Calf Hunting Techniques - Tracking
Moose Size Comparison
I will be hunting moose for the first time with my sons.
We will not qualify for the adult tags so we plan on hunting a calf.
It would seem to me that calling will be of no use. Is there a preferred method to getting where the calves may be? I understand that being close the water is a good start.
Yes, near water is going to be a good place to hunt moose calves.
If you are hunting on a lake or slow moving river, moose cows and calves may be found during early morning or later in the evening along the shorelines.
Another method of hunting moose calves will be to track them.

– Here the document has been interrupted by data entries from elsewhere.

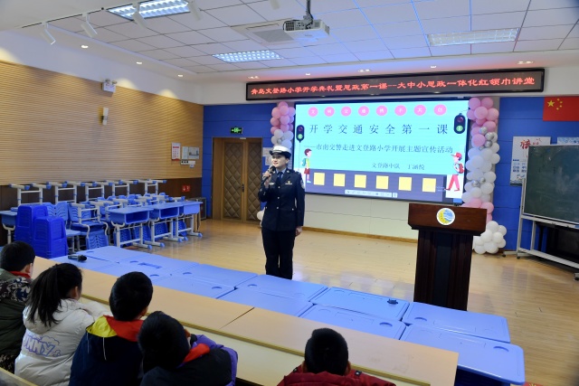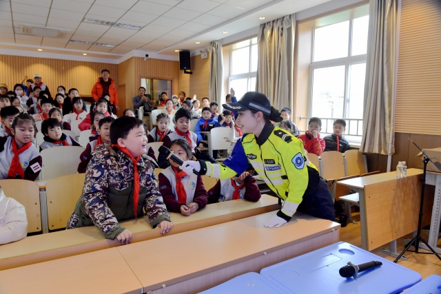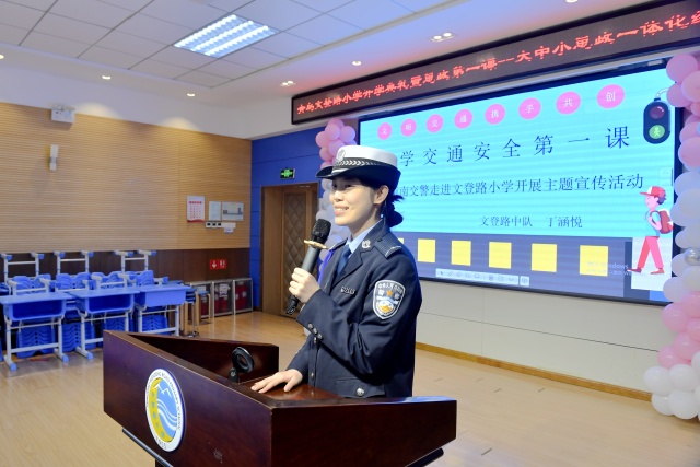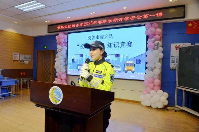 活动现场还设置了交通安全知识竞赛环节,来自市南交警海螺号宣讲团的周佳宜警官现场与同学们进行互动,还为回答对问题的学生们精心准备了交通安全周边盲盒,活动现场气氛热烈,丰富有料的活动内容让学生们全神贯注,入脑入心。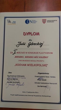 I miejsce w Rejonowym Konkursie Plastycznym
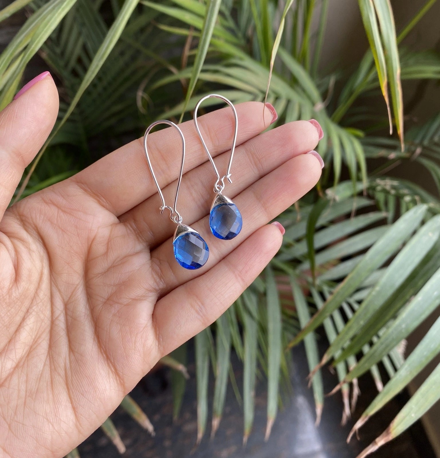 Pretty blue stone loop style earrings in pure (925) silver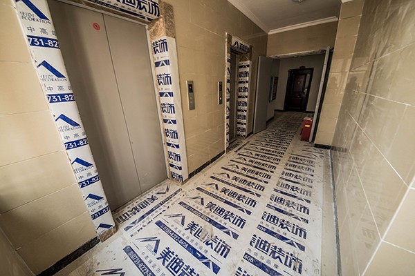 細    節:美迪裝飾地膜鋪滿整個電梯出口及過道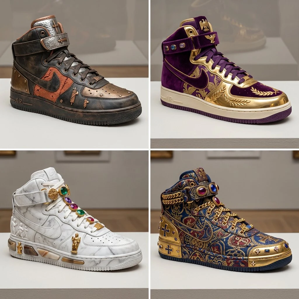 {"input": "古代帝国(如罗马、奥斯曼、阿兹特克、明朝)", "pick 4 specific distinct eras or ruler periods within that empire": "在帝国内挑选 4 个具体且互不相同的时期或统治者时代", "function drawx($era)": "函数 drawx($era)", "Anchor 1": "\"$era 的武器与盔甲\"(其质感、材质与颜色)", "Anchor 2": "\"$era 的宗教器物\"(其质感、材质与颜色)", "Anchor 3": "\"$era 的皇家珠宝\"(其质感、材质与颜色)", "Instruction": "渲染一双高帮运动鞋设计,恰好位于该三角形正中心", "output": "2x2 网格,为每个时期执行 drawx()"}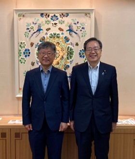 (斉藤大臣とITFキム事務局長の会談) (ITFキム事務局長と水嶋国土交通審議官、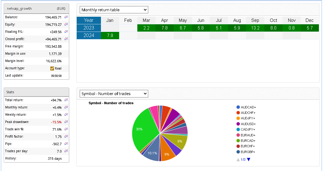 to add returns. January 2024 has given us +7.9% return adding to our account. This is a MT4 system and highly reliable as seen by the performance on our LIVE. The system operates on LIVE account so its very safe. Our 100k account now sits nicely at $194.5k.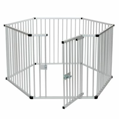 Zeshoekige puppy ren van roestvrij aluminium. Ideaal voor buiten & gemakkelijk te verplaatsen door laag gewicht. Op verschillende manieren op te bouwen, ideaal bij fokken van honden, kleur: zilver.

Moose calf tracks are easy for the hunter to distinguish from the adult. The calf moose track being less than 3" (76mm) in length compared to that of an adult which may be 4 to 6 inches (102 to 152mm).
Direction of travel is distinguished by observing the track. The pointy end of the imprint shows direction of travel.
Of course if there is snow on the ground, tracking becomes a much easier thing to do or if the ground is soft (as in the picture), you will also be able to track moose easily.
Conversely, when the ground is hard and dry it can be very difficult to track any moose, let alone a small one like a calf.
Cows with calves are more difficult to track than bulls, because they are especially alert to danger that may imperil their calves.
For any type of tracking, it is imperative for the hunter to stop frequently to "observe". Moose have keen, senses and are able to distinguish non-moosey sounds easily. Through the action of stopping and looking and listening the hunter will break up his own human sounds which will spook a moose.
Tracking moose, like many other aspects of moose hunting requires practice. Time in the field and boots on the ground will make major differences to your moose hunting successes.
As mentioned in previous articles, there is a lack of information regarding the hunting of moose calves. To some degree, hunting moose calves remains a mystery.